A000566 Heptagonal numbers (or 7-gonal numbers): n*(5*n-3)/2. (Formerly M4358 N1826)

0, 1, 7, 18, 34, 55, 81, 112, 148, 189, 235, 286, 342, 403, 469, 540, 616, 697, 783, 874, 970, 1071, 1177, 1288, 1404, 1525, 1651, 1782, 1918, 2059, 2205, 2356, 2512, 2673, 2839, 3010, 3186, 3367, 3553, 3744, 3940, 4141, 4347, 4558, 4774, 4995, 5221, 5452, 5688

Offset

0,3

Comments

Binomial transform of (0, 1, 5, 0, 0, 0, ...). Binomial transform is A084899. - Paul Barry, Jun 10 2003

Row sums of triangle A131413. - Gary W. Adamson, Jul 08 2007

Sequence starting (1, 7, 18, 34, ...) = binomial transform of (1, 6, 5, 0, 0, 0, ...). Also row sums of triangle A131896. - Gary W. Adamson, Jul 24 2007

Also the partial sums of A016861, a zero added in front; therefore a(n) = n (mod 5). - R. J. Mathar, Mar 19 2008

Comment from Ken Rosenbaum, Dec 02 2009: if you multiply the terms of this sequence by 40 and add 9, you get A017354, which is the list of squares of all whole numbers ending in 7 (this is easy to prove).

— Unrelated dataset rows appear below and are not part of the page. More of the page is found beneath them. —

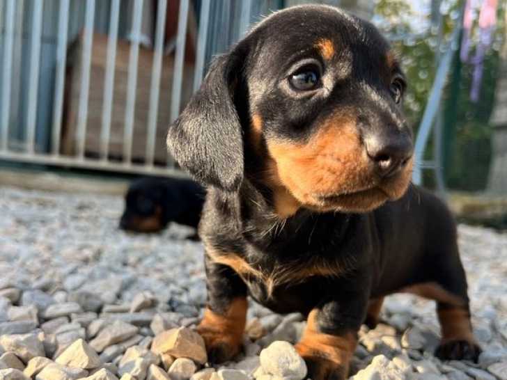 Une portée de deux chiots Teckel nain est née le 15 octobre 2025 dans notre élevage familial. Il nous reste un mâle, Gustave, et une femelle, Thérèse, à la robe noir et feu.
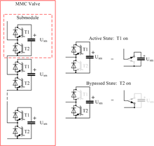 ![]() Operating principle of Modular Multi-Level Converter (MMC) for HVDC, with four series-connected submodules per valve. For clarity only one phase of the three is shown. |
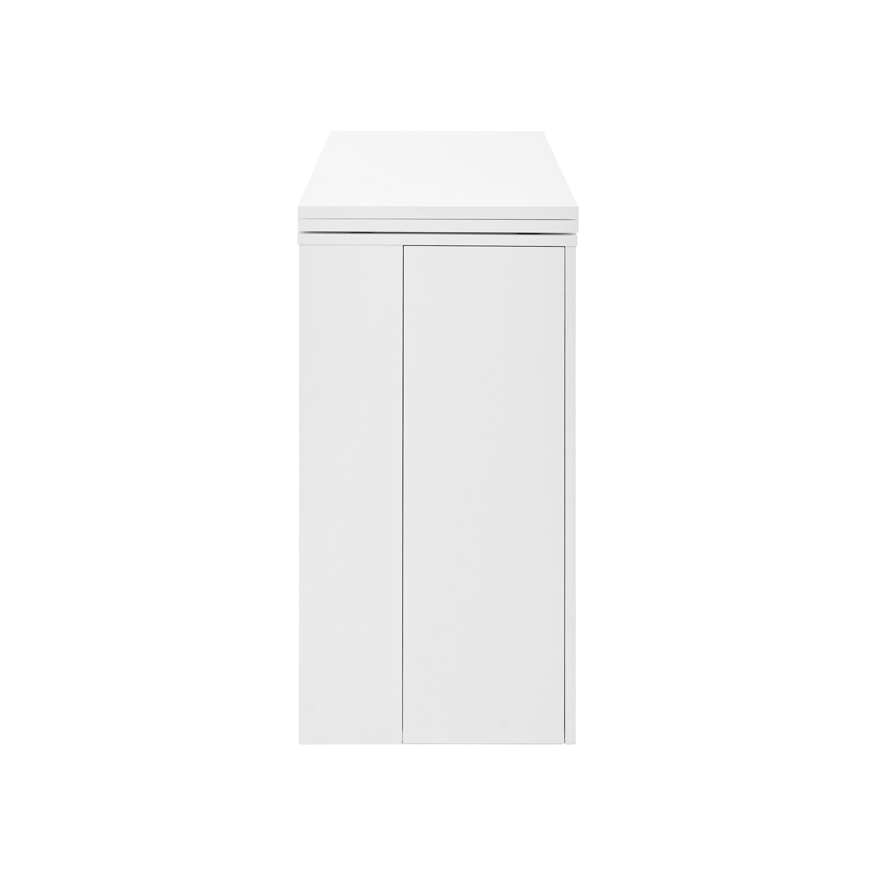 Optimisez votre espace avec cette table de bar moderne et multifonctionnelle d'un blanc éclatant. Son design intelligent permet à la tablette de pivoter à 360° et de s'étendre, transformant instantanément votre bar compact en une spacieuse table à manger ou un îlot de cuisine. L'unité de base sert de buffet pratique avec des portes coulissantes en verre canelé au design arqué élégant, parfait pour présenter votre vaisselle. Alliant esthétique moderne et construction robuste, cette pièce est la solution idéale pour les petits espaces nécessitant une polyvalence maximale.
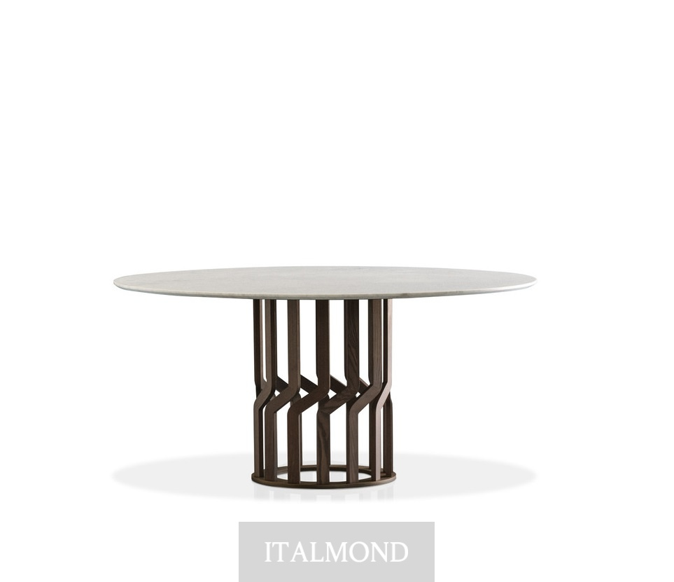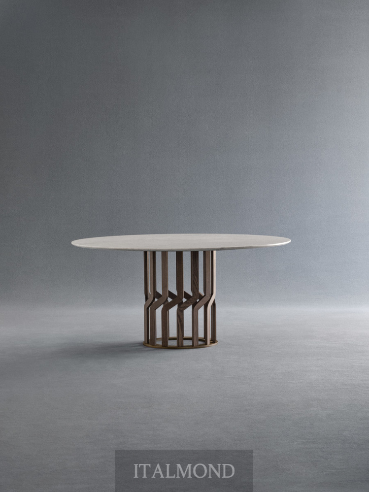 - Цвет и декор:Стол состоит из центрального основания, выполненного из 14 фигурных элементов из массива ясеня, которые, кажется, соприкасаются друг с другом. На них покоится круглая столешница, доступная в фиксированном варианте из мрамора, в отделке, соответствующей коллекции.
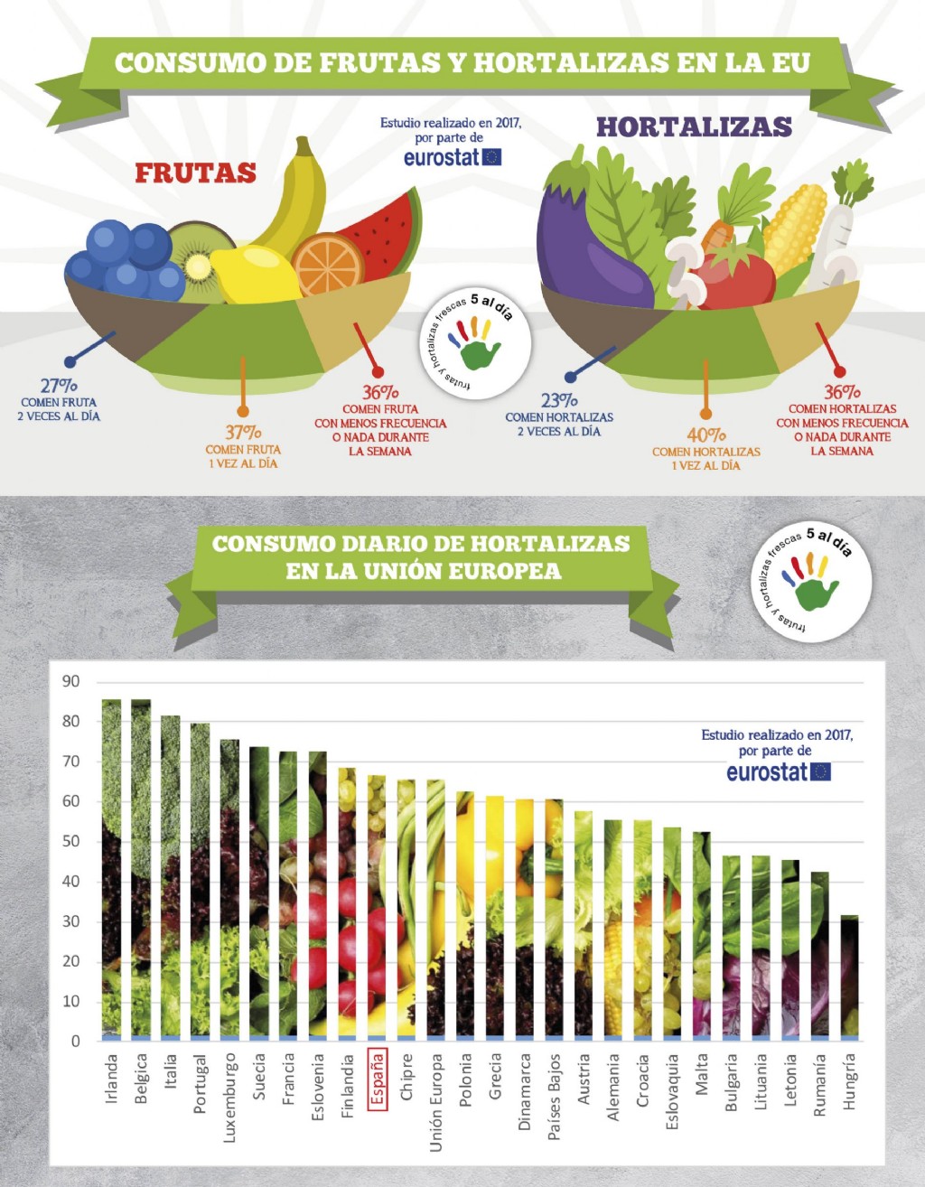 Estudio por parte de Eurostat en 2017. En 2017, alrededor de 1 de cada 4 personas (27%) comió fruta al menos dos veces al día, según una encuesta de población de la Unión Europea (UE). Otro 37% de la población de la UE comía fruta una vez al día y el 36% restante comía fruta con menos frecuencia o nada durante una semana normal.

Also sequence found by reading the line from 0, in the direction 0, 7, ..., and the line from 1, in the direction 1, 18, ..., in the square spiral whose edges have length A195013 and whose vertices are the numbers A195014. These parallel lines are the semi-axes perpendicular to the main axis A195015 in the same spiral. - Omar E. Pol, Oct 14 2011

Also sequence found by reading the line from 0, in the direction 0, 7, ... and the parallel line from 1, in the direction 1, 18, ..., in the square spiral whose vertices are the generalized heptagonal numbers A085787. - Omar E. Pol, Jul 18 2012

Partial sums give A002413. - Omar E. Pol, Jan 12 2013

The n-th heptagonal number equals the sum of the n consecutive integers starting at 2*n-1; for example, 1, 3+4, 5+6+7, 7+8+9+10, etc. In general, the n-th (2k+1)-gonal number is the sum of the n consecutive integers starting at (k-1)*n - (k-2). When k = 1 and 2, this result generates the triangular numbers, A000217, and the pentagonal numbers, A000326, respectively. - Charlie Marion, Mar 02 2022

References

Albert H. Beiler, Recreations in the Theory of Numbers, Dover, NY, 1964, p. 189.

E. Deza and M. M. Deza, Figurate numbers, World Scientific Publishing (2012), page 6.

Leonard E. Dickson, History of the Theory of Numbers. Carnegie Institute Public. 256, Washington, DC, Vol. 1, 1919; Vol. 2, 1920; Vol. 3, 1923, see vol. 2, p. 2.

N. J. A. Sloane, A Handbook of Integer Sequences, Academic Press, 1973 (includes this sequence).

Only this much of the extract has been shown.